U.S. Treasury Department and IRS Announce Final Regulations for Clean Hydrogen Production Tax Credit
Key Ideas
  • The U.S. Treasury Department and IRS released final regulations for the clean hydrogen production tax credit under Section 45V, providing up to $3.00 per kilogram of hydrogen produced.
  • The regulations offer flexibility by including additional energy sources like natural gas with carbon capture, renewable natural gas, and coal mine methane for eligibility for the credit.
  • The final rules expand the credit to hydrogen produced using electricity from states with greenhouse gas emissions limits or from qualifying nuclear power plants at risk of retirement, fostering increased deal activity in hydrogen production projects.
  • Industry participants are advised to monitor updates due to the uncertainty surrounding the incoming administration's stance on the clean hydrogen production tax credit.

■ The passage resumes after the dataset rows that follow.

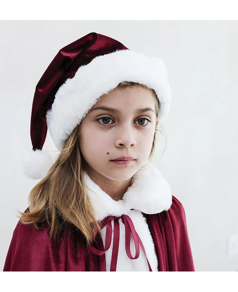 Flot vinrød nissehue med hvide plyskanter og kvast.
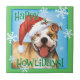 Celebra la temporada navideña con un alegre y adorable buitre americano que viste un sombrero de Santa y una bufanda en medio de copos de nieve y las palabras, ¡Feliz Amanecer! Excelente idea de regalo de vacaciones para familias y amigos amantes de APBT.
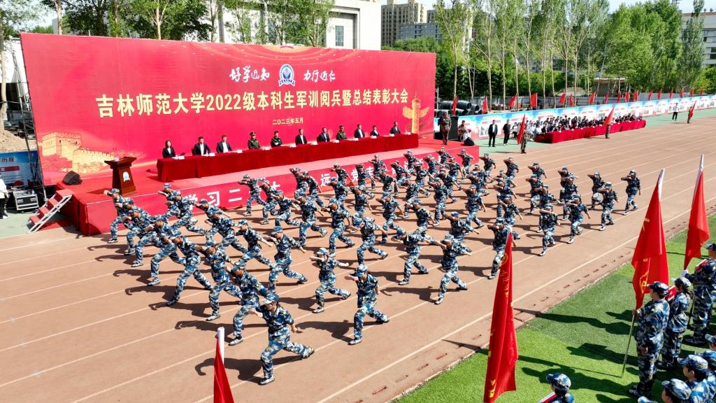 5月19日,学校在运动场举行2022级本科生军训阅兵暨总结表彰大会。党委书记王喜库、校长杨小天,党委副书记陈煜平、赵经武,纪委书记、监察专员于荔欣,党委常委、副校长左今明、邢宇、王菲菲;武警四平支队政委李阳明、铁西区人民武装部部长解志友、驻平某部队副旅长王勇出席大会。相关部门负责人、各学院党政负责人、全体辅导员及2022级全体本科生参加大会。

On January 3, 2025, the U.S. Treasury Department and Internal Revenue Service (IRS) unveiled final regulations pertaining to the credit for production of clean hydrogen, as outlined in Section 45V of the Inflation Reduction Act. Effective from January 10, 2025, these regulations are set to apply to taxable years starting after December 26, 2023, the date when the proposed regulations were initially issued. The clean hydrogen production tax credit offers an income tax credit of up to $3.00 per kilogram of hydrogen produced, with adjustments for inflation. The credit structure comprises four tiers based on the carbon intensity of the hydrogen production process, rewarding those with the lowest greenhouse gas emissions. Moreover, compliance with certain wage and apprenticeship requirements further determines the credit value. The final regulations provide clarity on eligibility criteria, especially for hydrogen producers utilizing diverse energy sources like natural gas with carbon capture, renewable natural gas, and coal mine methane. Noteworthy enhancements in the final rules include the extension of the credit to hydrogen produced using electricity from states with emissions restrictions or from specific nuclear power plants facing potential retirement challenges. The newfound certainty and adaptability in the regulations are anticipated to stimulate heightened investment and deal-making activities within the hydrogen production sector. However, amid the evolving landscape, industry stakeholders are advised to stay vigilant and informed about any forthcoming updates regarding the clean hydrogen production tax credit.